Nope, I'm a cheap bastard.......  DVDFab (it's new name) costs money after the trial period, the trial period won't cover all the time I need.


----------



## Bleipriester (Aug 13, 2019)

Ringel05 said:


> Bleipriester said:
> 
> 
> > Ringel05 said:
> ...


Unfrozen means only completely unmounted, so you could issue a security erase, trash it.


----------



## Indeependent (Aug 13, 2019)

Ringel05 said:


> Bleipriester said:
> 
> 
> > Ringel05 said:
> ...


Nothing on YouTube?


----------



## Ringel05 (Aug 13, 2019)

Bleipriester said:


> Ringel05 said:
> 
> 
> > Bleipriester said:
> ...


Why didn't you say that in the first place?  I'm waiting for help from some Linux techs, if they can't help me fix it I'll do that and start from scratch.


----------



## Ringel05 (Aug 13, 2019)

Indeependent said:


> Ringel05 said:
> 
> 
> > Bleipriester said:
> ...


Nothing that specifically addresses my issue, I've looked already.  Nine tenths of the problem is techies, regardless of OS they forget they were complete noobs at one time and forget most people don't know what they know.  They rattle off a bunch of geekanese, do this, do this, and do this but neglect to tell you how they got there in the first place.  Hell, I had to figure out how to get out of fstab on my own and then I still added the code wrong or in the wrong place because they weren't SPECIFICALLY clear.


----------



## Bleipriester (Aug 13, 2019)

Ringel05 said:


> Bleipriester said:
> 
> 
> > Ringel05 said:
> ...


I didn´t know that wasn´t clear.

If you want to mount something you have to do something with ls, mount and sudo commands.
Something like:
mount /def /sda /media /hdd


----------



## Ringel05 (Aug 13, 2019)

Bleipriester said:


> Ringel05 said:
> 
> 
> > Bleipriester said:
> ...


Yeah, I know.  As I said I finally got it mounted but have no idea what I did, was giving up when all of a sudden it showed that the drive was mounted.  Now the problem is permissions, it says I have su permission but won't let me move or copy anything over to it.  As for "frozen" to me that means it's locked up, nothing will work, nothing.


----------



## Bleipriester (Aug 14, 2019)

Ringel05 said:


> Bleipriester said:
> 
> 
> > Ringel05 said:
> ...


I don´t know but I guess it is the way you mounted the drive and you will probably have to modify the commands and or its parameters as you are in a read only mode. Maybe, iamwhatiseem knows more.


----------



## Ringel05 (Aug 14, 2019)

Bleipriester said:


> Ringel05 said:
> 
> 
> > Bleipriester said:
> ...


Pretty much but when I do (exactly) as the online Ubuntu help page says it tells me "no such directory exists" yet I can see the directory and path.  
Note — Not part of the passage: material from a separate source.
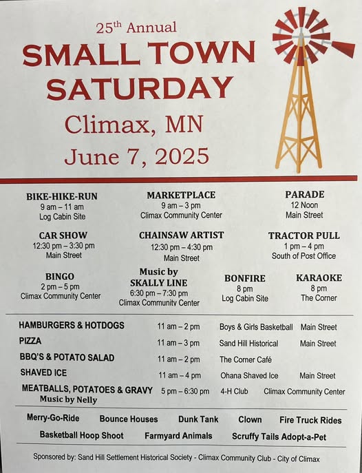 Climax Small Town Saturday: June 7 in Climax, MN (North Dakota-adjacent)
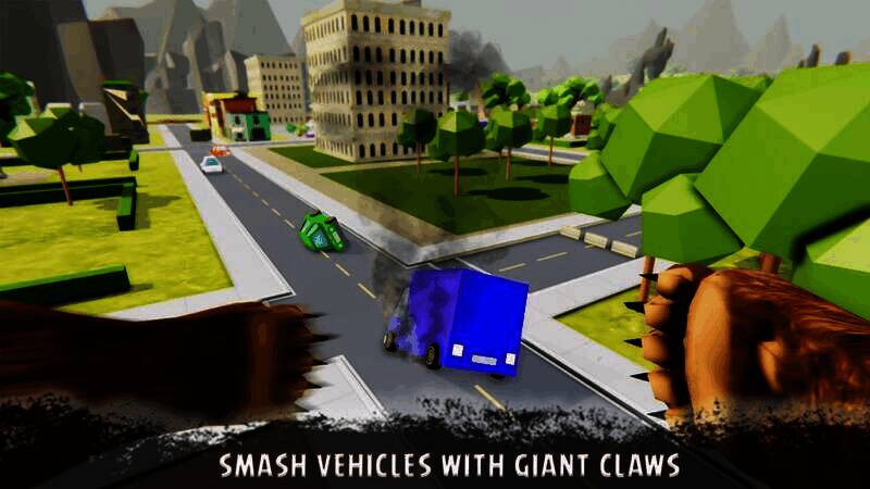汽车、大树和各类房屋都能被熊爪轻易拍毁,玩家操控的熊和大楼一般高。

If push comes to shove when I finally get my new build done I'll put the new HDD in my current Windows machine, turn my current Windows machine into my new Linux machine and donate or sell my old Linux machine. 
My new Windows gamer will have SSDs instead of HDDs, M.2 (PCIe) form factor.


----------



## iamwhatiseem (Aug 14, 2019)

Sorry, been too long for me. Odd though, I have certainly added HD's in Linux before and as far as I remember it automatically seen the drive/mounted. 
 When you did fstab did you do it as sudo? (when typing the command, type sudo first then a space)
Example:  sudo command


----------



## Bleipriester (Aug 14, 2019)

Ringel05 said:


> Bleipriester said:
> 
> 
> > Ringel05 said:
> ...


As far as I can see you must create such a directory at first with a command like:
sudo mkdir /media/hdd

If you want to mount a ntfs disk you must add an -t paramenter to the mount command:
-t ntfs-3g /def/sda/media/hdd

sda and hdd are variable, hdd is just an example, you can call it anyhow, or it is the name of the disk.


----------



## Ringel05 (Aug 14, 2019)

Bleipriester said:


> Ringel05 said:
> 
> 
> > Bleipriester said:
> ...


That's already done, I can see the directory.


----------



## iamwhatiseem (Aug 14, 2019)

Looking through the log file here, when I added a new external drive for our Linux File server I typed this.....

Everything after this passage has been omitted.